When thiamine levels decrease, the activity levels of all three enzymes are reduced to some extent. The specific reductions depend both on the enzyme and on the cell type. 


Overall, transketolase activity may be the most sensitive measure of thiamine deficiency. Substantial decline in transketolase activity resulting from thiamine deficiency has been found in various brain areas of alcoholics who do not exhibit the clinical and neuropathological signs of problems, suggesting that thiamine deficiency can cause adverse effects even before severe brain damage becomes obvious.

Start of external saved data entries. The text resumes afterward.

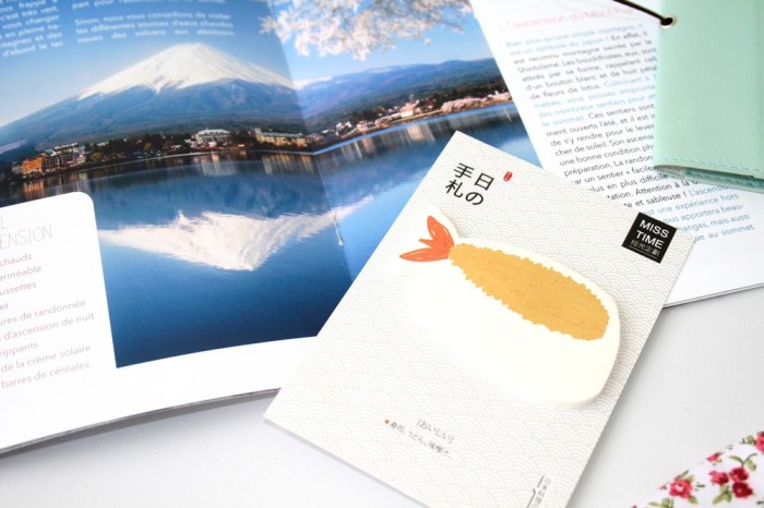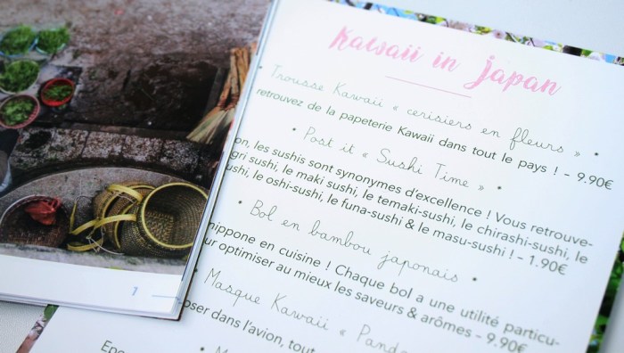 1. Waw… tant de jolies choses ! Le Japon est un pays que j’aimerais vraiment visiter ; donc tous les goodies de cette box ainsi que le livret me tenteraient bien !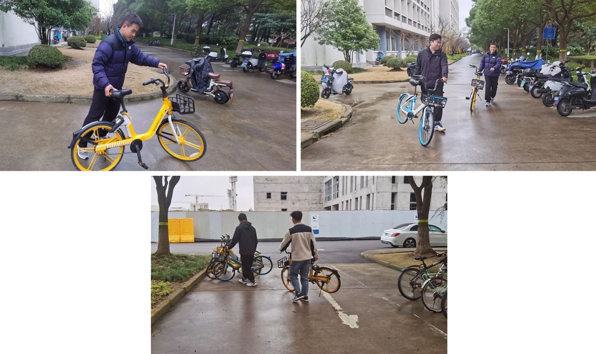 共享单车在给同学们带来便利的同时,也存在乱摆放、乱占道等不文明现象,既妨碍通行,也影响了校园的环境秩序与文明形象。学院组织志愿者对共享单车进行整理与摆放,进一步美化校园环境。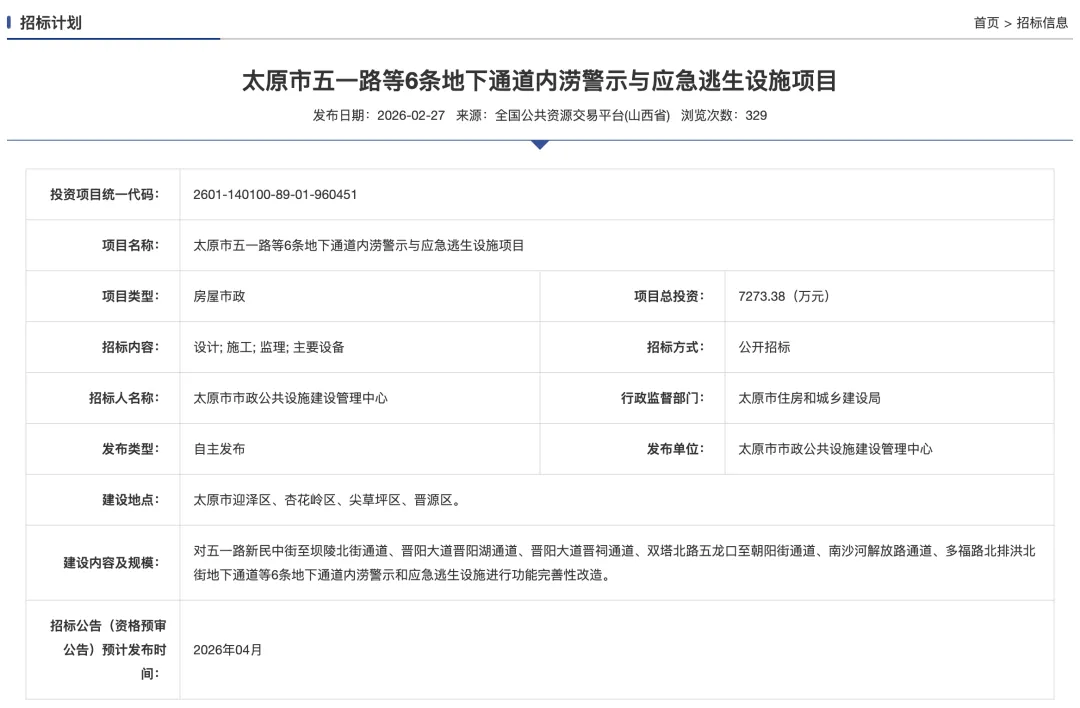 该项目已于2026年2月27日在山西省招标投标公共服务平台发布招标信息,总投资达7273.38万元,标志着太原市对地下空间防汛安全的系统性升级改造进入实质性阶段。项目覆盖迎泽区、杏花岭区、尖草坪区、晋源区等多个区域,旨在通过对关键节点的功能完善,从根本上提升地下通道应对极端天气的能力。

Unfortunately, lack of detection and treatment of thiamine deficiency in both chronic alcohol abusers and nonalcoholics, is first diagnosed postmortem in over 80 percent of cases. 


Ellen Troyer, Spencer Thornton, MD, David Amess and the Biosyntrx staff


PEARL: The obvious question: How much alcohol is too much? According to extensive research by the National Institute on Alcohol Abuse and Alcoholism (NIAAA), less than 2 percent of drinkers who fall within the following guidelines develop alcohol- use disorders. 


For men, low-risk alcohol consumption is considered drinking four or fewer standard drinks on any single day and less than 14 drinks during any given week. 


For women, low-risk is three or fewer drinks on any given day, with no more than seven drinks per week. 


Low risk does not mean no risk. There are situations in which no level of drinking can be considered low risk. 

  • You plan to drive or operate heavy equipment.
  • You are pregnant or planning to become pregnant.
  • You have certain medical conditions, including cirrhosis of the liver, hepatitis C, and chronic pain, as well as some heart conditions and mental disorders.
  • You are taking medications that negatively interact with alcohol. 

  

The public service science information above is not meant to diagnose, treat, cure, or prevent any disease.